Transposon-based oncogene integration in Abcb4(Mdr2)-/- mice recapitulates high susceptibility to cholangiocarcinoma in primary sclerosing cholangitis.

Abstract

Background & aims: Cholangiocarcinoma (CCA) is a dreaded complication of primary sclerosing cholangitis (PSC) that is difficult to diagnose and associated with high mortality. Lack of animal models of CCA recapitulating the hepatic microenvironment of sclerosing cholangitis has hindered the development of novel treatments. Herein, we sought to develop a mouse model of PSC-associated CCA.

Methods: Ten-week-old Mdr2^-/- mice with congenital PSC-like disease, and healthy wild-type littermates were subjected to either modified retrograde biliary instillation or hydrodynamic tail vein injection of a sleeping beauty transposon-transposase plasmid system with activated AKT (myr-AKT) and Yap (YapS127A) proto-oncogenes (SB AKT/YAP1). The role of TGFβ was interrogated via ALK5 inhibitor (SB-525334) administration. Tumor phenotype, burden and desmoplastic reaction were analyzed histologically and via RNA sequencing.

Results: While SB AKT/YAP1 plasmids administered via retrograde biliary injection caused tumors in Mdr2^-/-, only 26.67% (4/15) of these tumors were CCA. Alternatively, hydrodynamic tail vein injection of SB AKT/YAP1 resulted in robust tumorigenesis in all fibrotic Mdr2^-/- mice with high CCA burden compared to healthy mice. Tumors phenotypically resembled human CCA, expressed multiple CCA (but not hepatocellular carcinoma) markers, and exhibited a profound desmoplastic reaction. RNA sequencing analysis revealed profound transcriptional changes in CCA evolving in a PSC-like context, with specific alterations in multiple immune pathways. Pharmacological TGFβ inhibition led to enhanced immune cell tumor infiltration, reduced tumor burden and suppressed desmoplastic collagen accumulation compared to placebo.
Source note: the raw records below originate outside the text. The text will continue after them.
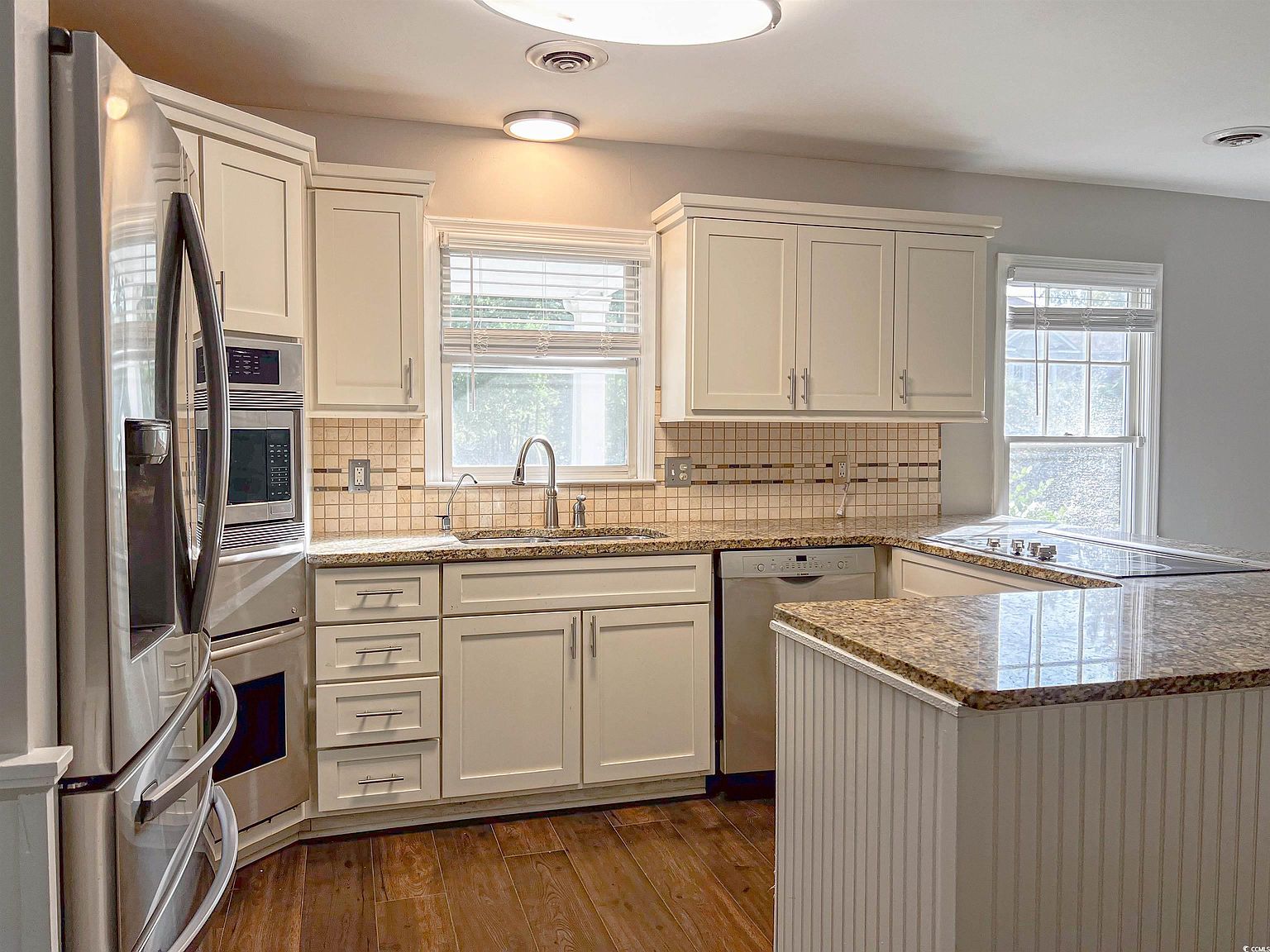 Welcome to the beautiful golf course community of Indigo Creek! This spacious 3-bedroom home offers a bonus room with a sink that could easily serve as a 4th bedroom, office, hobby room, or guest suite. You’ll love the vaulted living room with a cozy fireplace, perfect for relaxing or entertaining. The kitchen features granite countertops, stainless steel appliances, and an open layout for easy flow to the dining and living areas. Enjoy peaceful mornings on the covered front porch or step out back to your large, wooded backyard, where a small bridge connects directly to the driving range—a golfer’s dream! The large utility room is conveniently accessible from both the attached two-car garage and the primary bedroom, adding exceptional functionality. Situated on a beautiful, oversized lot in a popular, established subdivision, this home combines charm, comfort, and location—just minutes from shopping, dining, and the beach.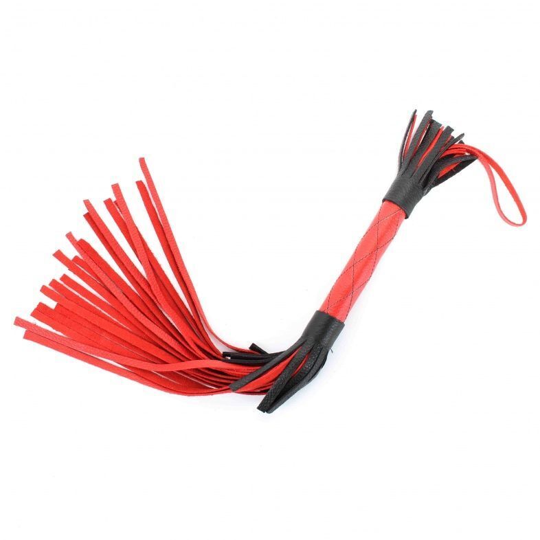 Плеть кожаная «БДСМ Арсенал», рукоятка с петелькой, 45 см, красный с черным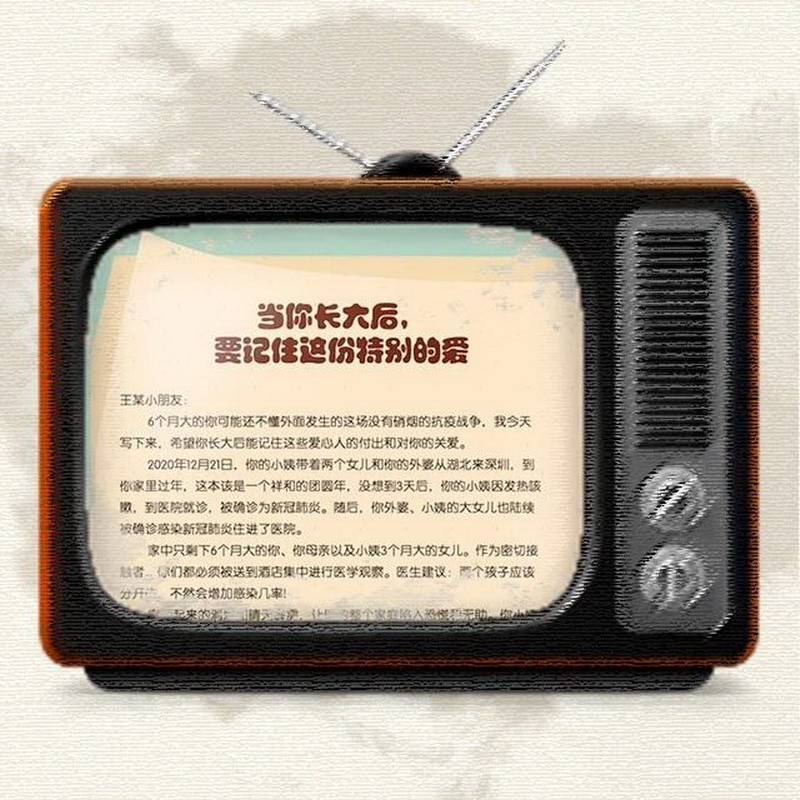 寶安區(qū)新安街道海富社區(qū)一名6個(gè)月大的孩子,因家里有人被確診為新型冠狀病毒感染的肺炎,被迫與家人分開(kāi)進(jìn)行醫(yī)學(xué)觀察。海富社區(qū)工作人員們對(duì)其悉心照顧,如今孩子已經(jīng)平安度過(guò)了14天的居家觀察期。海富社區(qū)特意為孩子留下一封情真意切的書(shū)信,希望孩子長(zhǎng)大后,能記住這段特殊時(shí)期收獲的特殊的愛(ài)。

Conclusion: We established a new high-fidelity cholangiocarcinoma model in mice, termed SB CCA.Mdr2^-/-, which recapitulates the increased susceptibility to CCA in the setting of biliary injury and fibrosis observed in PSC. Through transcriptomics and pharmacological studies, we show dysregulation of multiple immune pathways and TGFβ signaling as potential drivers of CCA in a PSC-like microenvironment.

Impact and implications: Animal models for primary sclerosing cholangitis (PSC)-related cholangiocarcinoma (PSC-CCA) are lacking. Thus, we have developed and characterized a new mouse model of PSC-CCA, termed SB CCA.Mdr2^-/-, which features reliable tumor induction on a PSC-like background of biliary injury and fibrosis. Global gene expression alterations were identified and standardized tools, including automated whole slide image analysis methodology for tumor burden and feature analysis, were established to enable systematic research into PSC-CCA biology and formal preclinical drug testing.